Qui aurait parié, il y a quinze ans, sur la possibilité d’importer en France le concept de la Sant Jordi, fête catalane au cours de laquelle, le 23 avril, hommes et femmes s’offrent depuis le Moyen Age des roses et, depuis 1926, des livres ? Promotrice de l’événement consacré en 1995 par l’Unesco, dans l’indifférence générale, Journée mondiale du livre et du droit d’auteur, l’effervescente Marie-Rose Guarnieri, bouquet de roses en guise de bâton de pèlerin, suscitait alors plus de sourires amusés que d’engagements réels. La directrice de la librairie des Abesses, à Paris (18e), est pourtant parvenue en quelques années à faire de la Saint-Georges la journée de la librairie dans l’Hexagone. Près de 500 libraires indépendants de France et de Belgique participent désormais à la fête programmée cette année pour ce samedi 26 avril et largement médiatisée.

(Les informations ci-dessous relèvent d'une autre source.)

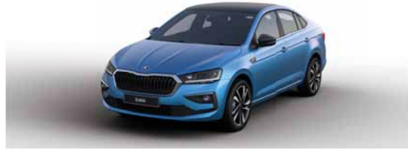
CRYSTAL BLUE WITH CARBON STEEL ROOF
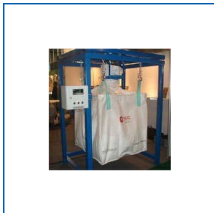
JUMBO BAG WEIGHER

3 In 1 Adult Weighing Scales, Accredited Laboratory Weights, Analytical Balance, Analytical Balance 201, Analytical Balance MAB220T, Analytical Balance Weight, Analytical Balance Weight box, Analytical Semi Micro Balance, Analytical Weight Box, Analytical Weight Box F1, Analytical Weights, Auto Bagging Machines, etc.
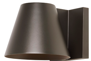
BOWMAN 6 Shown in Bronze
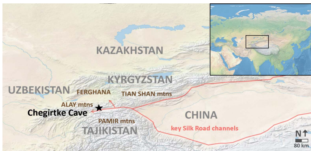
Figure 3. Location of Chegirtke Cave, within the Alay Valley, along with the approximate location of some key branches of the Silk Road, and other important political and geographic locations mentioned in the text (map by W. Taylor).

remains are available with which to understand animal economies prior to the first millennium BC.
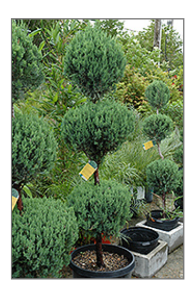
Blue Point Juniper (topiary form)

This shrub should only be grown in full sunlight. It is very adaptable to both dry and moist growing conditions, but will not tolerate any standing water. It is not particular as to soil type or pH. It is highly tolerant of urban pollution and will even thrive in inner city environments. This is a selected variety of a species not originally from North America.
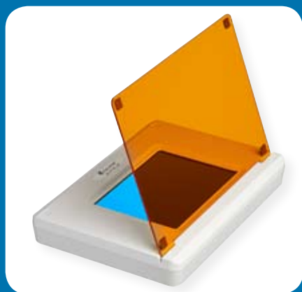
Amber cover raised for easy gel access

An array of super bright LEDs with a long, 30,000 hour service life provide the light source for the SmartBlue Transilluminator. Unlike those in a UV transilluminator, the filters in the SmartBlue will not solarize and degrade in performance over time. Gel bands can be excised directly on the scratch resistant, glass viewing surface. To save energy, the power switch includes an automatic 5 minute shutoff. The SmartBlue Transilluminator is covered by a 2 year warranty.
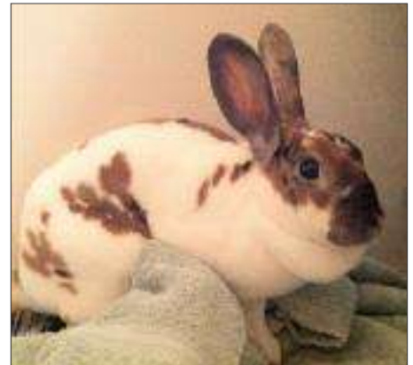
Flopsy fka Reilly.
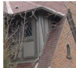
4. Secondary use of paring or stucco finish, including half-timbering, exterior cladding detailing
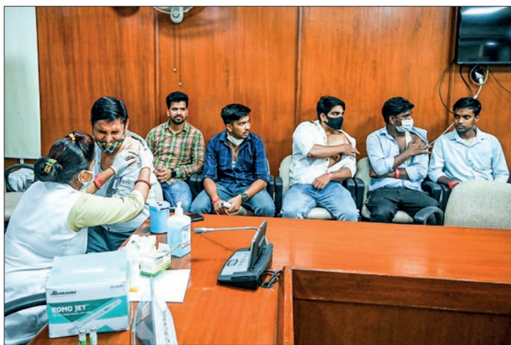
A health worker inoculates a man with a booster dose of the Covishield vaccine against the Covid-19 coronavirus at a vaccination camp in New Delhi on 15 July 2022.

According to the health ministry, the cumulative COV-
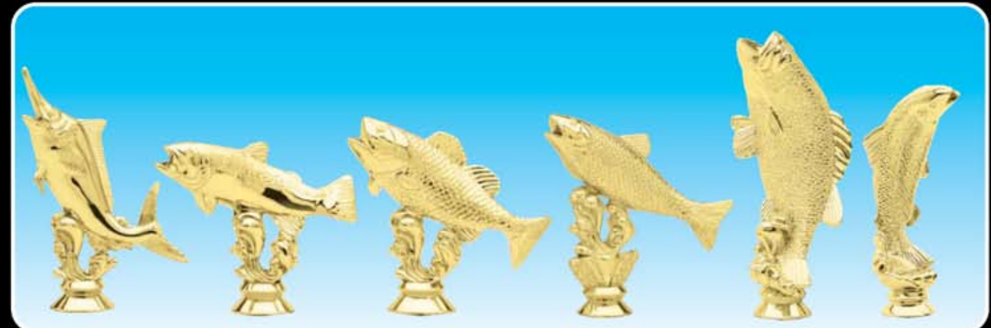
F1710 MARLIN (50-O-4 1/2")
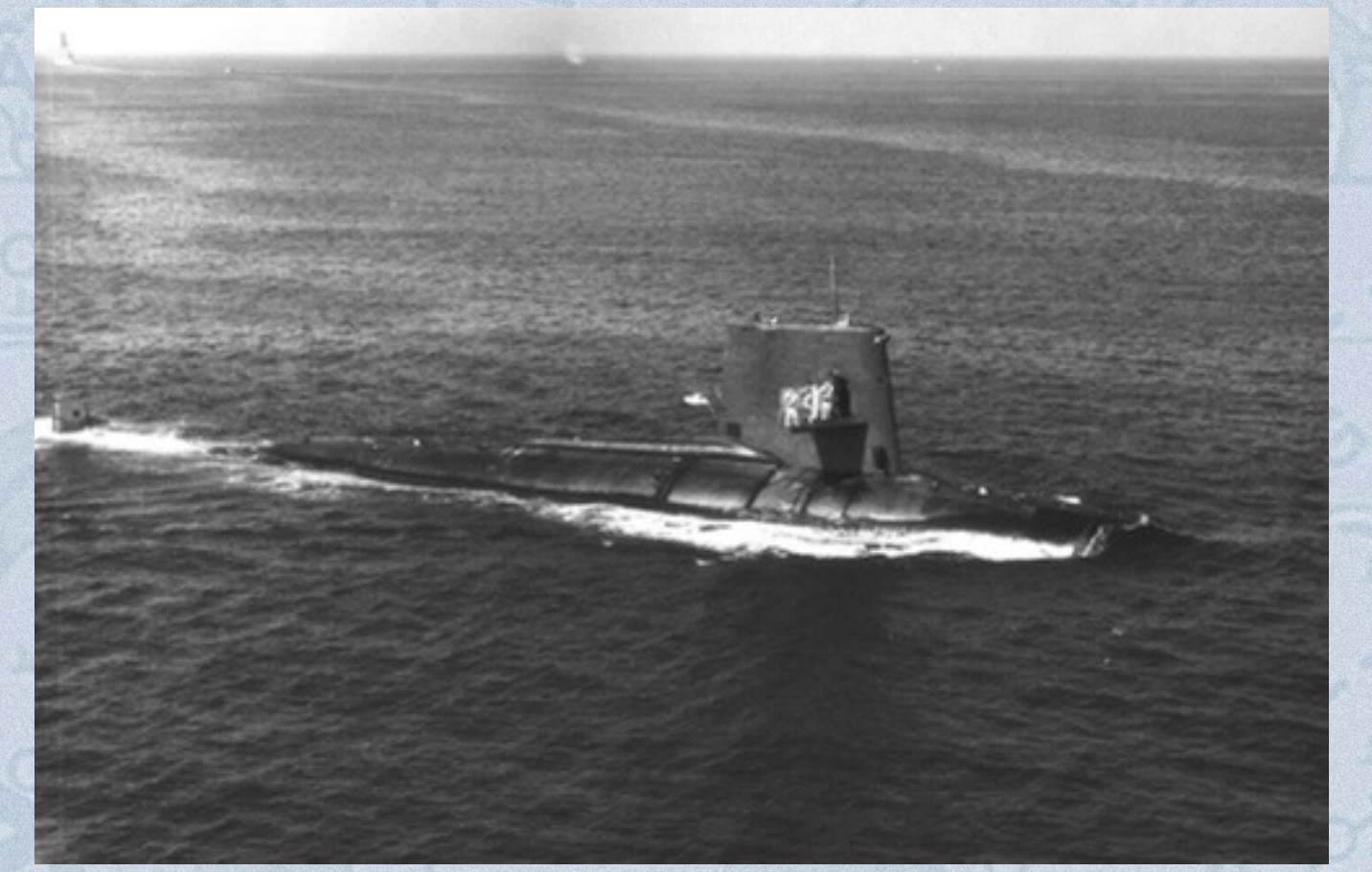
Coordinated operations. U.S. submarines such as USS Sculpin (SSN-591) collected intelligence along routes used by gun runners, while Navy planes like the P-5 Marlin, P-2 Neptune, and P-3 Orion reported live contact locations to the surface vessels.

USS Garrett County (LST-786). A Bell UH-1E Hueys of Helicopter Attack (Light) Squadron 3 Seawolves lands while providing support for operation "Game Warden" Forces in the Co Chien River, Mekong Delta, South Vietnam, June 1968. Five river patrol boats are alongside.
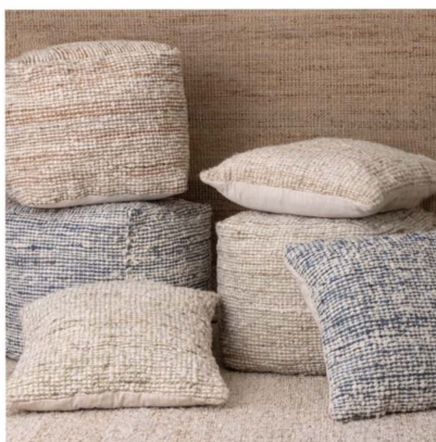
Savannah Collection : Handwoven jute blended with wool rugs with matching pillows & poufs.
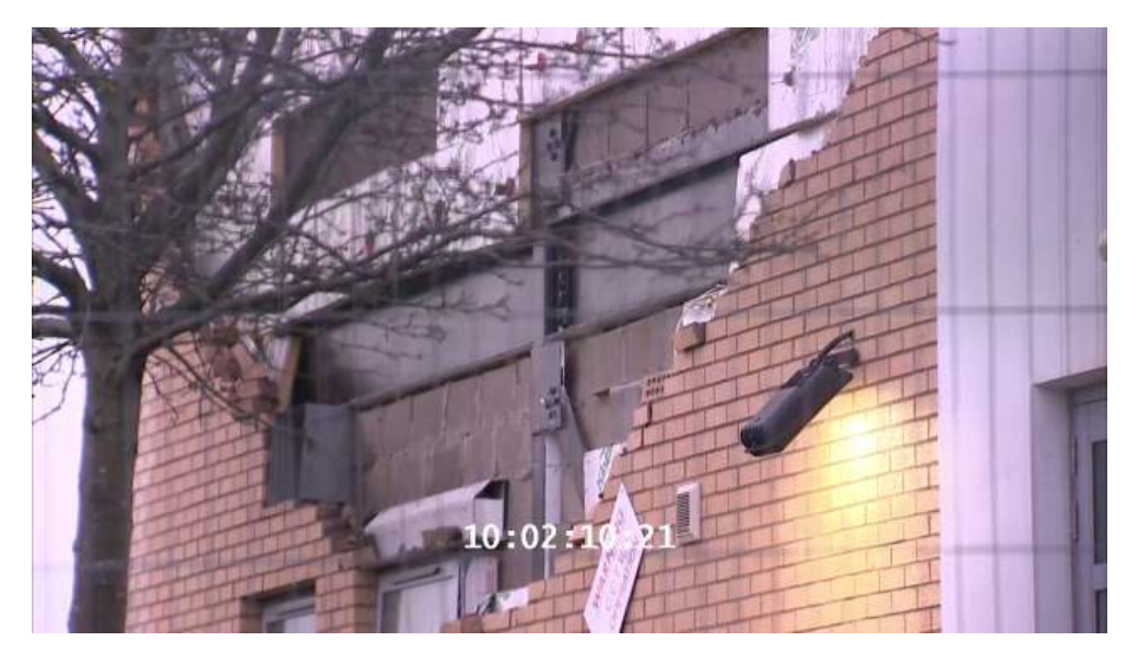
Fig.2. Oxgangs Primary School, Édimbourg, une des écoles faisant partie de la première vague de PPP signés en 2001 avec le consortium Edinburgh Schools Partnership .

Il est vrai qu’entre-temps, en dépit de ses nombreuses fragilités, la librairie indépendante a fini par apparaître, en France et dans le monde, comme l’alternative culturelle et commerciale la plus cohérente et la plus crédible face au commerce en ligne en plein essor. Avec les multiples animations qu’elle draine, et les vocations qui se sont manifestées à d’autres périodes de l’année chez de nombreux libraires, de La Voie des indés, dans le Nord-Pas-de-Calais, aux Littorales, à Marseille, l’emblématique Saint-Georges encourage initiatives et échanges.
Nombre d’éditeurs aussi répondent à l’ébranlement du monde du livre par l’investissement sur la création, l’échange et le développement, tel le groupe Delcourt qui déménage dans un immeuble deux fois plus grand et bien plus fonctionnel le week-end même de la manifestation Un livre, une rose. Avec son déménagement, quelques mois avant celui d’Hachette Livre à Vanves, le P-DG du groupe, Guy Delcourt, espère bien profiter d’"effets de côtoiements" pour "stimuler l’échange et le travail collectif". Bienvenue dans l’édition 2.0.